Rotation-Only Bundle Adjustment

Related tags

Deep LearningROBA
Overview

ROBA: Rotation-Only Bundle Adjustment

Paper, Video, Poster, Presentation, Supplementary Material

In this repository, we provide the implementation of ROBA. If you use our code, please cite it as follows:

@InProceedings{Lee_2021_CVPR,
author = {Lee, Seong Hun and Civera, Javier},
title = {Rotation-Only Bundle Adjustment},
booktitle = {Proceedings of the IEEE/CVF Conference on Computer Vision and Pattern Recognition (CVPR)},
month = {June},
year = {2021}
}

Quick start

  1. To initialize the rotations, ROBA relies on rotation averaging. Specifically, we used the rotation averaging code provided by Chatterjee and Govindu. Go to their webpage and download their code (PAMI version). Extract SO3GraphAveraging folder and save it in the same directory.

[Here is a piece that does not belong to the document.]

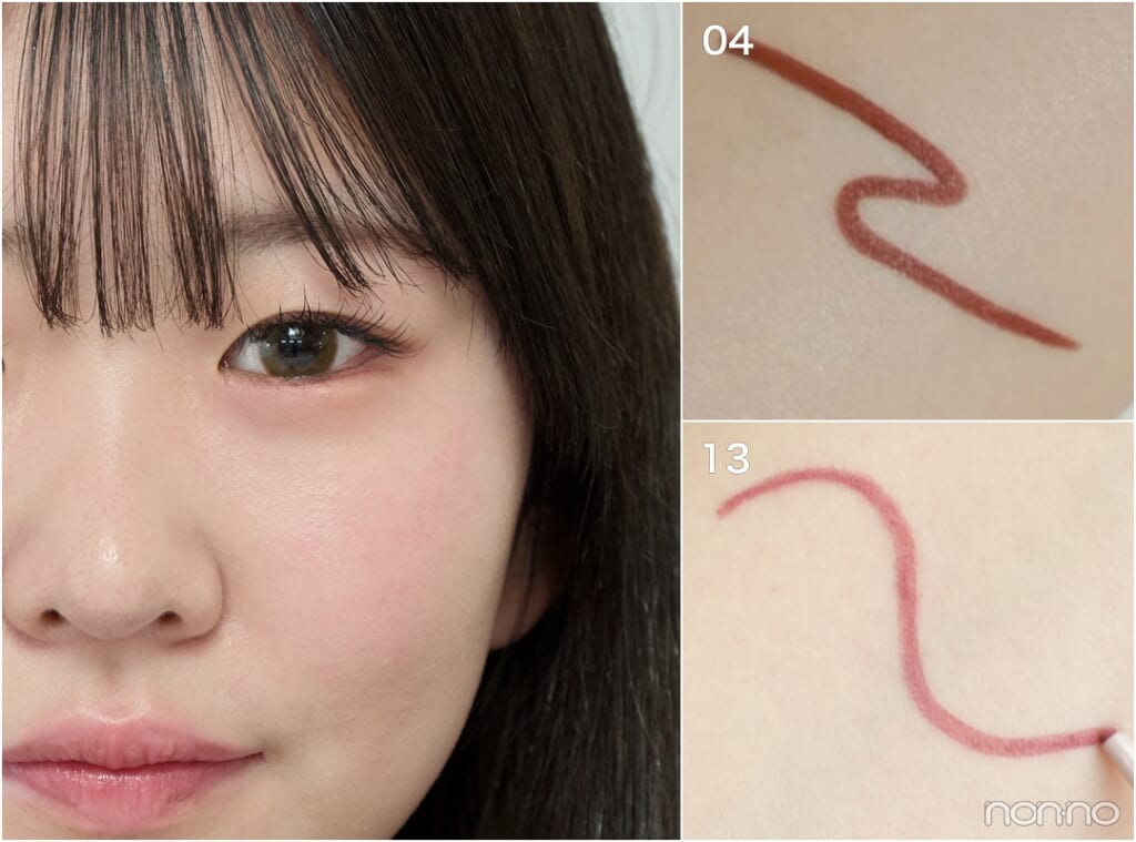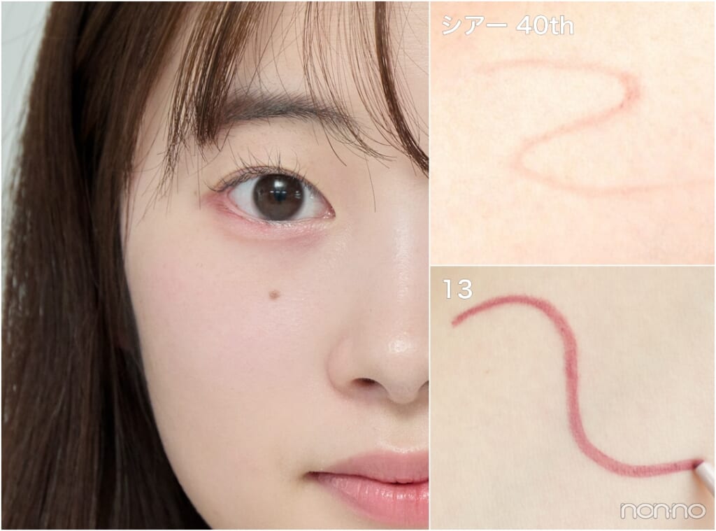 すごく好きな色味ではあるものの、粘膜拡張ラインとして使うとブラウンっぽさが目立って見えました。「13」の代用になるかと言われたらちょっとむずかしい……。薄めに描いてぼかしたり、上から赤みのあるアイシャドウを重ねたらちょうどいい色合いになりそう!

  2. Download the processed input/results data from here and save it in the same directory.

  3. In Matlab, run the following command to compile the mex function: mex computeEdgeCost.cpp.

  4. Run RunSynthetic.m (or RunReal.m) to try it on the synthetic (or real) data.

File descriptions

  • RunSynthetic.m: Run the experiment on synthetic data. Set draw3D = true to visualize the ground truth data. Choose the simulation configuration by setting the config variable.

  • RunReal.m: Run the experiment on the real data. Set plotResult = true to show the accuracy evolution over iterations. Set datasets to select the datasets to evaluate. The Booleans square_rooting, switch_alpha and approximate_gradient are for the ablation study in the paper.

  • computeEdgeCost.cpp: C++ Mex implementation of Algorithm 1 in our paper.

  • GetGroundTruthRealData.m: Parse data from 1DSfM datasets. It is not necessary to run this script, as we already provide the parsed data here. If you want to try this yourself, then you need to download the raw data (.out, coords.txt, EGs.txt, tracks.txt) from their webpage.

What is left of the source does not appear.